La primera mención del “príncipe azul” la encontramos un día entre los cuentos del poeta más popular del romanticismo rumano Mihai Eminescu (1850-1889): Aparece en relato de El príncipe de la lágrima, que abre este libro, Narraciones, junto a otros tres de los que dejó terminados en vida. El resto son recuperación de sus manuscritos y bocetos y en todos asoman los motivos románticos de apariciones demoníacas, amores imposibles, como el del monje Dan y la hermosa María, audaces y heroicas andanzas, envueltas en mágicos escenarios de cuento de hadas por los que se entrecruzan modestos  personajes como Amalia o Dionis y otros más poderosos e inquietantes como Cezar e Ieromin.

Junto a Ion Creanga, autor de los Recuerdos de la infancia, el poeta y narrador romántico Mihai Eminescu es de las pocas referencias literarias que algunos tenemos de Rumanía. Ambos situados en la segunda mitad del XIX, una época  de afirmación política y cultural frente a la larga dominación del imperio otomano, y ambos proyectados en las tradiciones de su país y defensores de una lengua propia, cultivaron el relato corto, que cargaron de bucolismo y ternura a la vez que de amor por la propia lengua y cultura. Con apenas treinta y tres años de vida, Eminescu dejó parte de su obra impresa y parte inédita e inconclusa y que la editorial granadina Traspiés ha reunido y traído al castellano de la mano del profesor granadino Enrique Nogueras en esta edición.

Seve Calleja

Las historias medioambientalistas de Violeta Monreal

Grumpi, el guardián del bosque; Tati, la guardiana del mar; Lolo, el guardián de los polos, y Nina, guardiana de las plantas y las flores, son los protagonistas de cada una de estas historias rimadas, creadas por la propia ilustradora, Violeta Monreal. Todos ellos concienciados de las dificultades por las que pasa nuestro planeta a causa del cambio climático, provocadas su vez por los incendios, la sobreexplotación, la contaminación, las sequías. Cada protagonista de estas cuatros historias descubre los desarreglos de su entorno inmediato: Nina advierte que no basta comparar flores, que hay que regarlas sin despilfarrar agua; Tati es un cangrejo que airado por el maltrato al que los humanos tratan al mar se vuelve un pez agresivo; la ardilla Grumpi presencia el incendio causado en el bosque por unos descuidados excursionistas a los que les hace ver el daño causado; y Lolo contempla como el bloque de hielo en el que vive se va haciendo cada vez más pequeño.

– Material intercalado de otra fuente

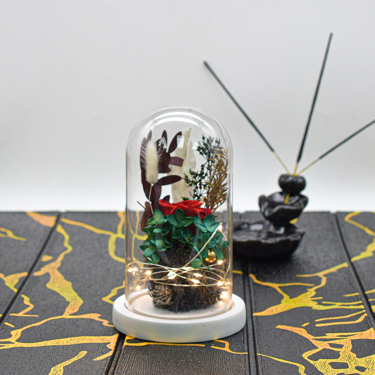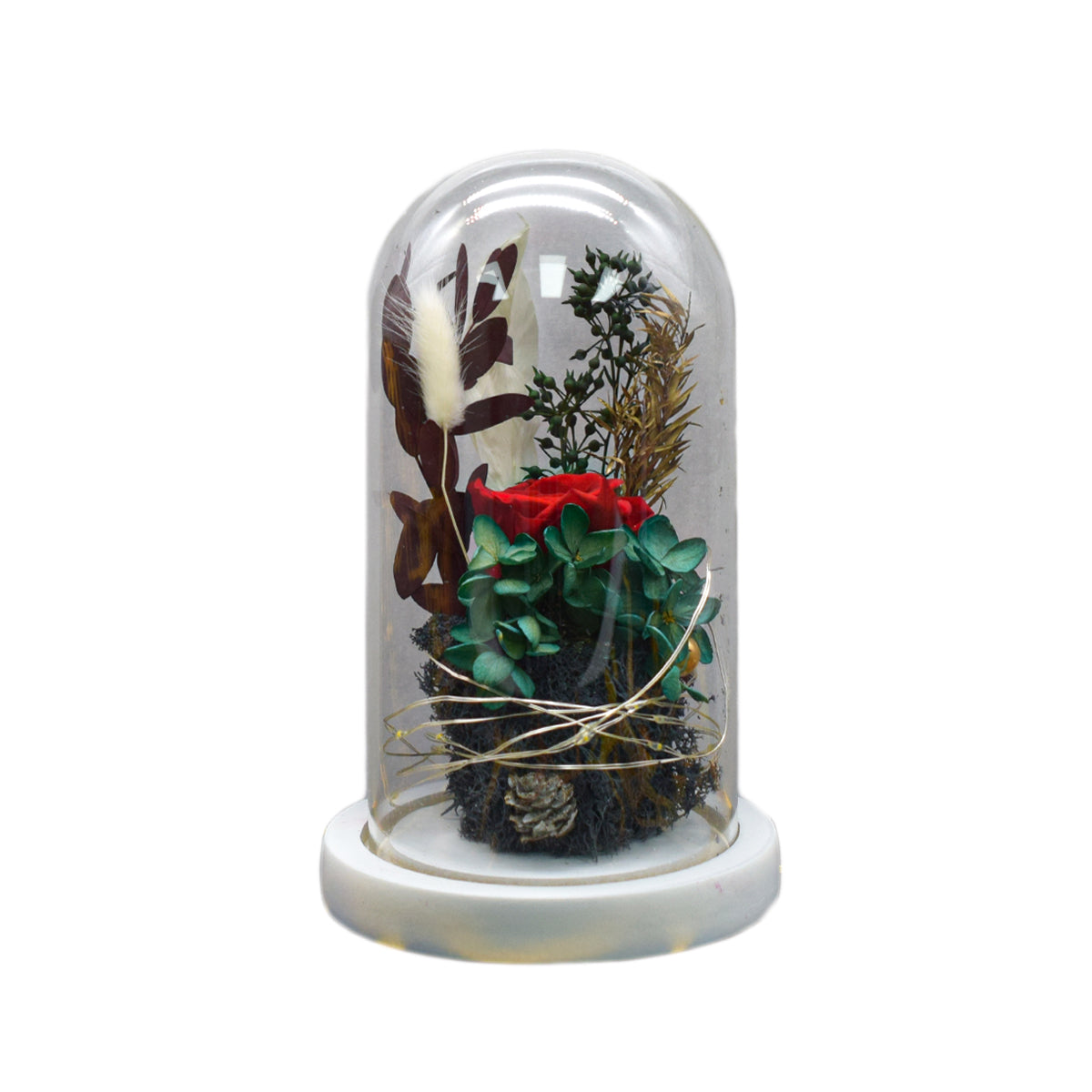 Aranjament floral in cupola de sticla, lumina Led, D4039, Rosu

Son breves historias (El mar enfermo, El último bosque, Las flores tienen sed y Hierba en los polos, la serie Guardianes de la Tierra) a las que las ilustraciones y las rimas fáciles atenúan el tremendismo de las situaciones y la denuncia explícita que cada álbum transmite a los primeros lectores a quien van destinados.